I'm unsure why you want this, but here goes...
Using ideas from this answer to convert a mapped type to an intersection of functions that we can then match against different type parameters, we can define ToTuple in a way that will work for a fixed maximum number of members of the original interface.
type IntersectionOfValues<T> =
{[K in keyof T]: (p: T[K]) => void} extends
{[n: string]: (p: infer I) => void} ? I : never;
type IntersectionOfFunctionsToType<F, T> =
F extends {
(na: infer NA, a: infer A): void;
(nb: infer NB, b: infer B): void;
(nc: infer NC, c: infer C): void;
} ? [NA, A, NB, B, NC, C] :
F extends {
(na: infer NA, a: infer A): void;
(nb: infer NB, b: infer B): void;
} ? [NA, A, NB, B] :
F extends {
(na: infer NA, a: infer A): void
} ? [NA, A] :
never;
type ToTuple<T> = IntersectionOfFunctionsToType<
IntersectionOfValues<{ [K in keyof T]: (k: K, v: T[K]) => void }>, T>;
interface Person {
name: string,
age: number
}
type Args = ToTuple<Person> // ['name', string, 'age', number]

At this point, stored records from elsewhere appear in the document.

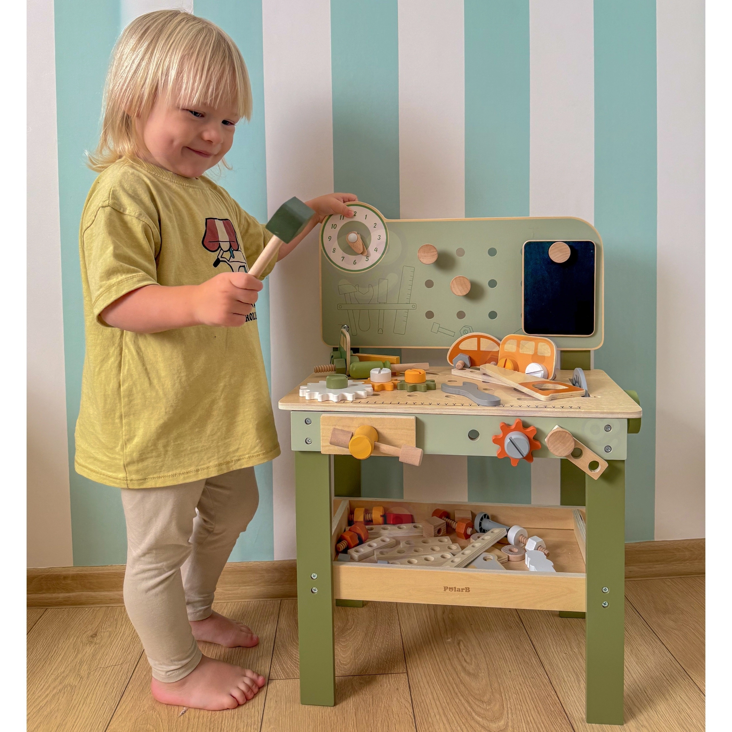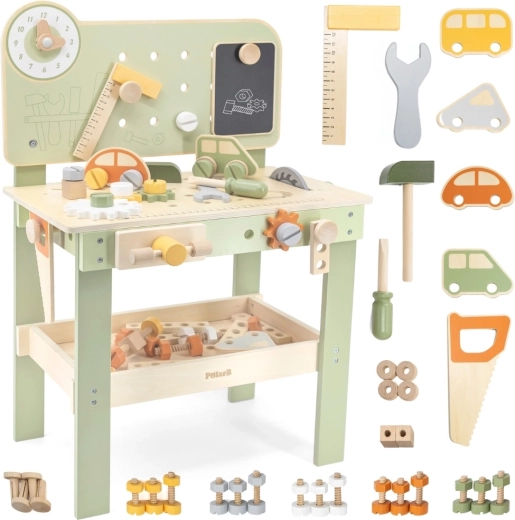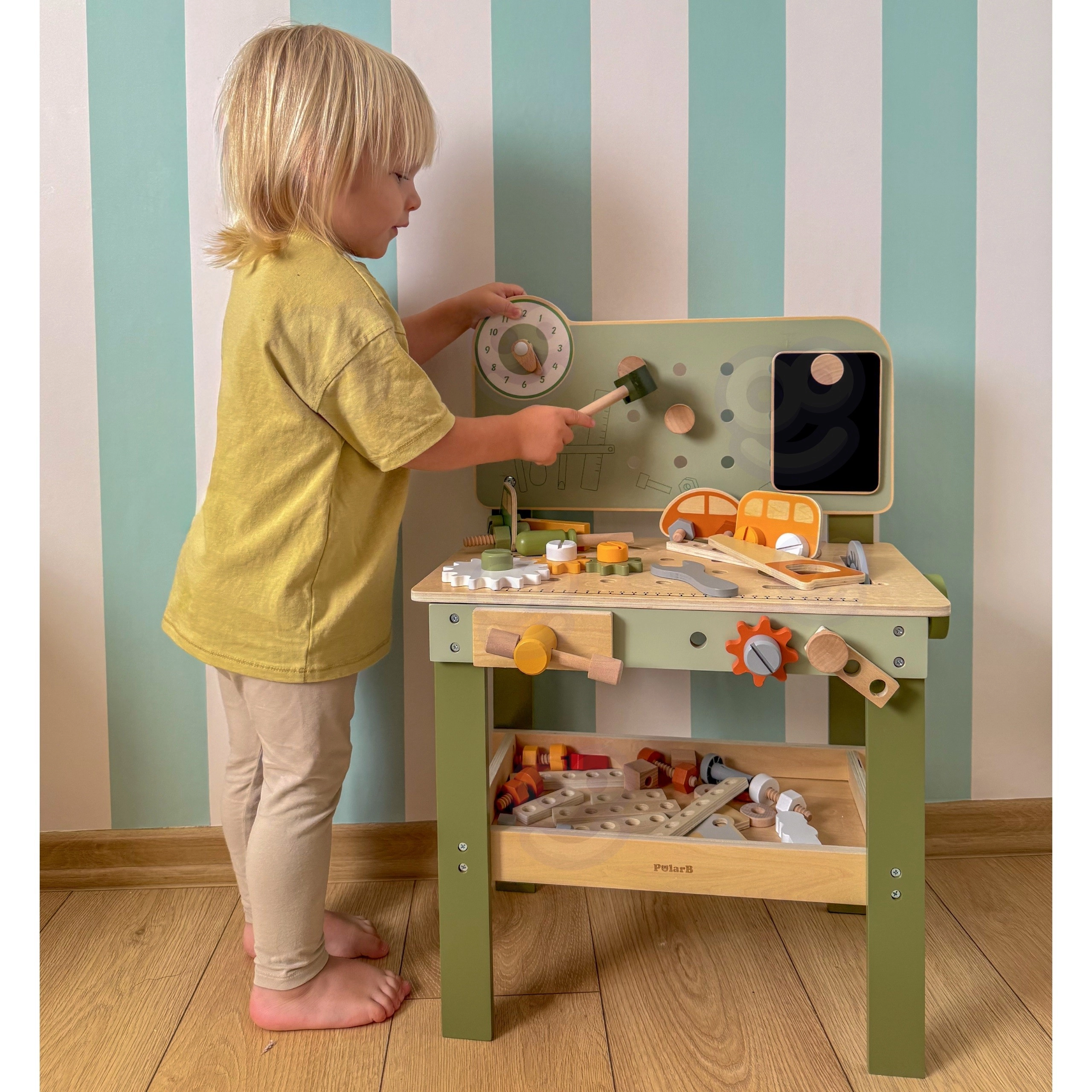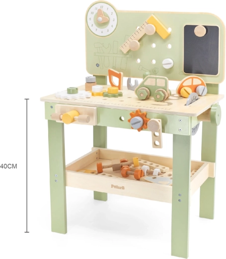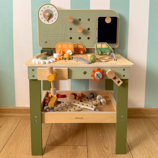 Découvrez l’établi Viga PolarB, robuste et stylé, conçu pour les petits bricoleurs dès 3 ans. Grâce à sa structure en bois, à ses engrenages qui tournent en douceur et à son large éventail d’accessoires, les enfants entraînent la coordination œil‑main et apprennent à résoudre des tâches en jouant. Des matériaux sûrs et des détails bien pensés assurent une longue durée de vie et un rangement pratique des composants.
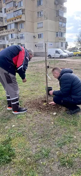 В засаждането на младите дръвчета се включи лично управителят на "Общински пазари" Кунчо Кунчев. Лировото дърво е специално избрано за облагородяването на терена заради величествената си корона, бързия растеж и пищната зеленина, която ще осигурява широка сянка през горещите летни месеци.
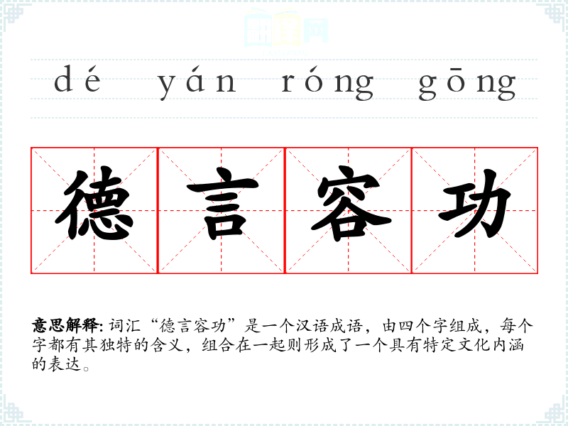 词汇“德言容功”是一个汉语成语,由四个字组成,每个字都有其独特的含义,组合在一起则形成了一个具有特定文化内涵的表达。
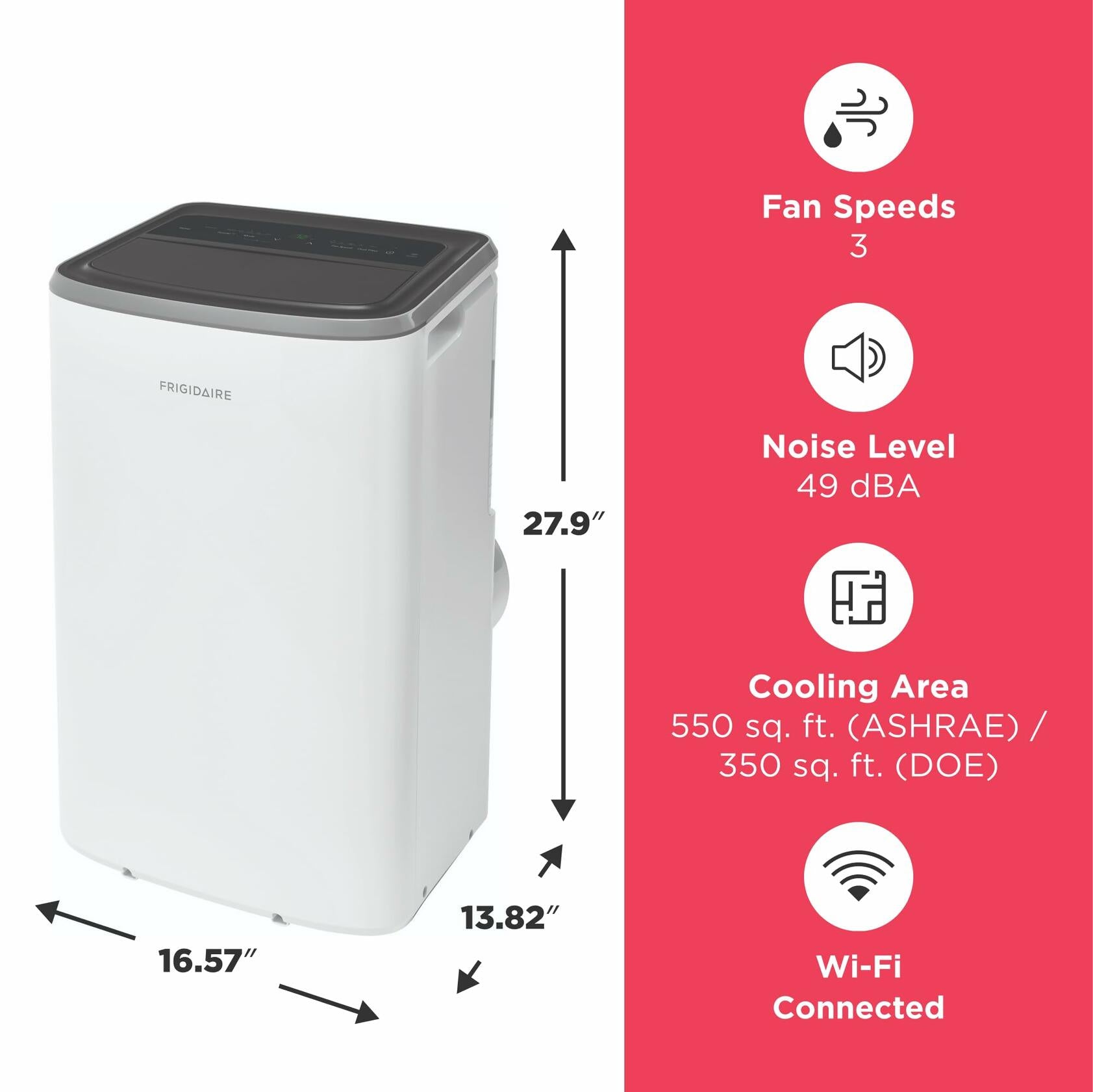 - Wi-Fi Enabled: Easily control your 3-in-1 portable air conditioner from anywhere with the Frigidaire app or connect it to your Amazon Alexa or Google Home devices for smart, hands-free cooling
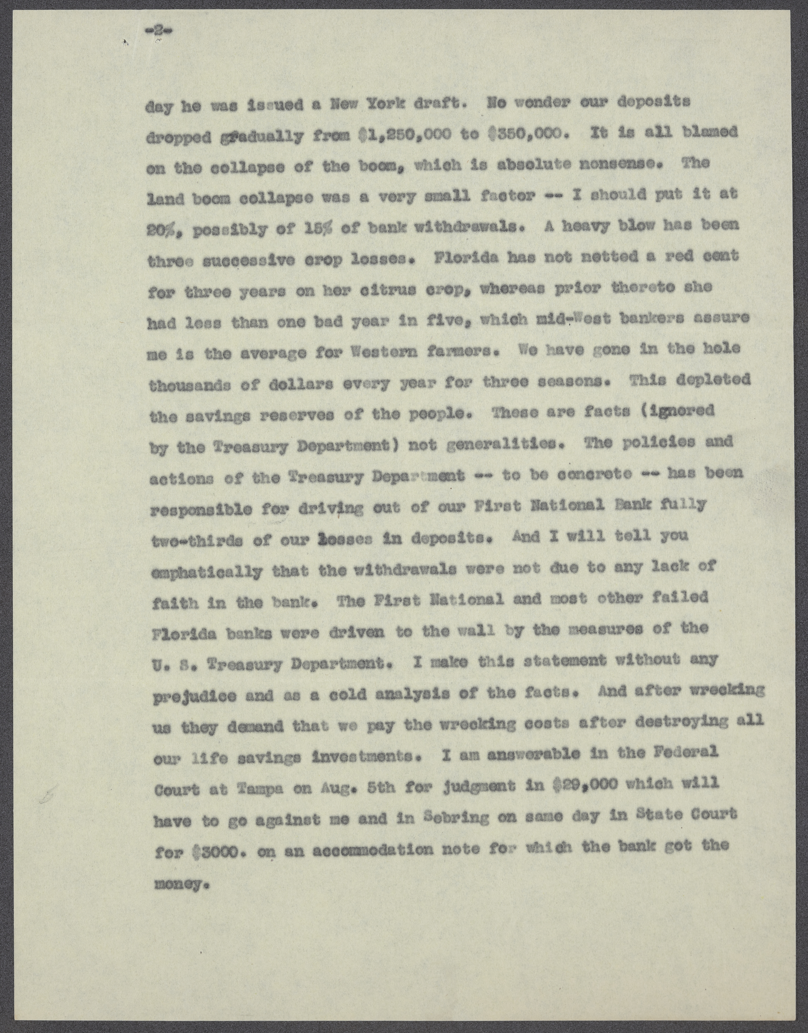 Correspondence Between F. L. Middleton, C. S. Middleton, and Governor Doyle E. Carlton Regarding the Failed Banks, 1929
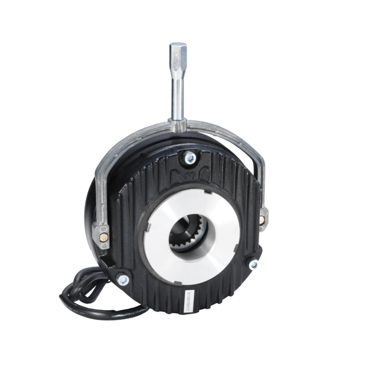 The PMB series is a power-off, DC spring set brake that provides a low-cost, multi-functional brake alternative for many applications. A simple, splined hub attaches to the shaft with a set screw and keyway and includes an anti-rattle feature for quiet operation. The series offers a superior torque to size ratio and heat dissipation. An adjustment collar allows the torque to be varied to the application. These brakes easily mount to the motor or the frame mounting hardware included. Fully potted coils meet minimum requirements for class F insulation.
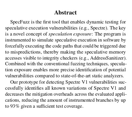 Academic Twitter is for bragging, right? Well, our paper, "SpecFuzz: Bringing Spectre-type vulnerabilities to the surface" has been accepted to
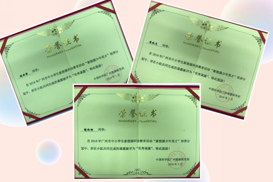 根据学员们研究课题的完成情况,评选委员会评选出了一等奖论文1篇、二等奖论文2篇、三等奖论文3篇。根据课题研究中学员们的研究表现,评选委员会从42名同学中评选出了13位优秀学员。我校入围的五名学同学均取得了由中国科学院广州能源研究所颁发的结业证书,有两篇论文获奖,陈淑晖同学还获得了“优秀学员”称号。
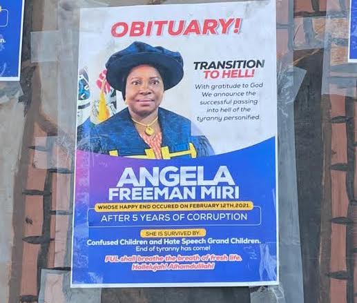 The obituary pictures of the over 59-year-old Vice-Chancellor were pasted in the front of her office and strategic areas of the campus to mock the woman who was described ‘as full of pride high handedness.’
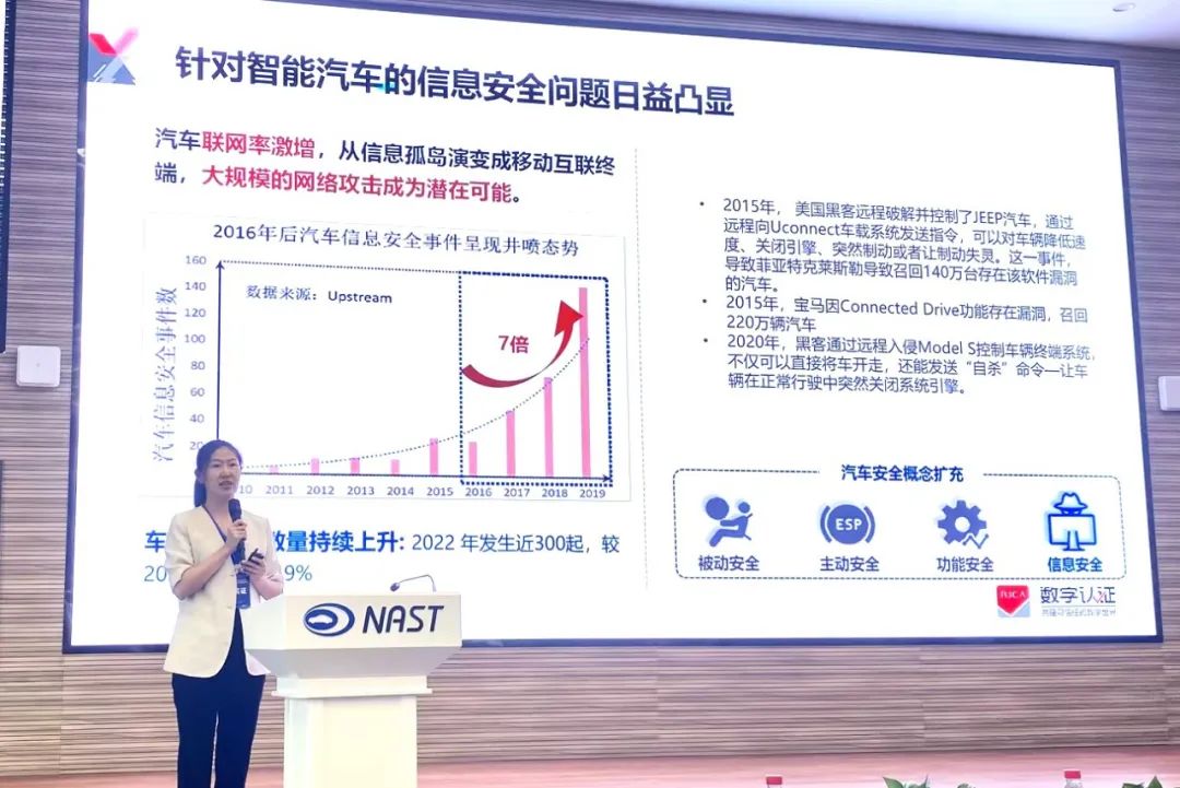 2023年10月19日至20日,“东湖论坛 · 湖北科学技术学术年会 · 2023智能网联汽车网络信息安全论坛”在武汉智能网联汽车测试场召开。本次活动以“智能网联汽车网络信息安全风险及应对”为主题,邀请了中国工程院院士沈昌祥及多位业内知名专家到场,开展政策法规分析、安全防护及测试技术研讨等交流活动。北京数字认证股份有限公司战略业务创新中心总工王琼霄也受邀在现场分享了“智能汽车网络和数据安全防护研究与实现”主题演讲。

An alternative approach would be to use UnionToIntersection on keyof the interface, but I believe that going through a union may carry a greater risk of losing the order of the members of the interface. (I believe I've seen unions lose order in the past, though I couldn't reproduce it in tests in the playground just now.) In the solution above, it's well-established that intersections are ordered, so we are only relying on the mapped types to preserve order and the inference process in IntersectionOfValues to generate the contravariant candidates in order and intersect them in order. This is still implementation-dependent behavior, but I think it's unlikely to change.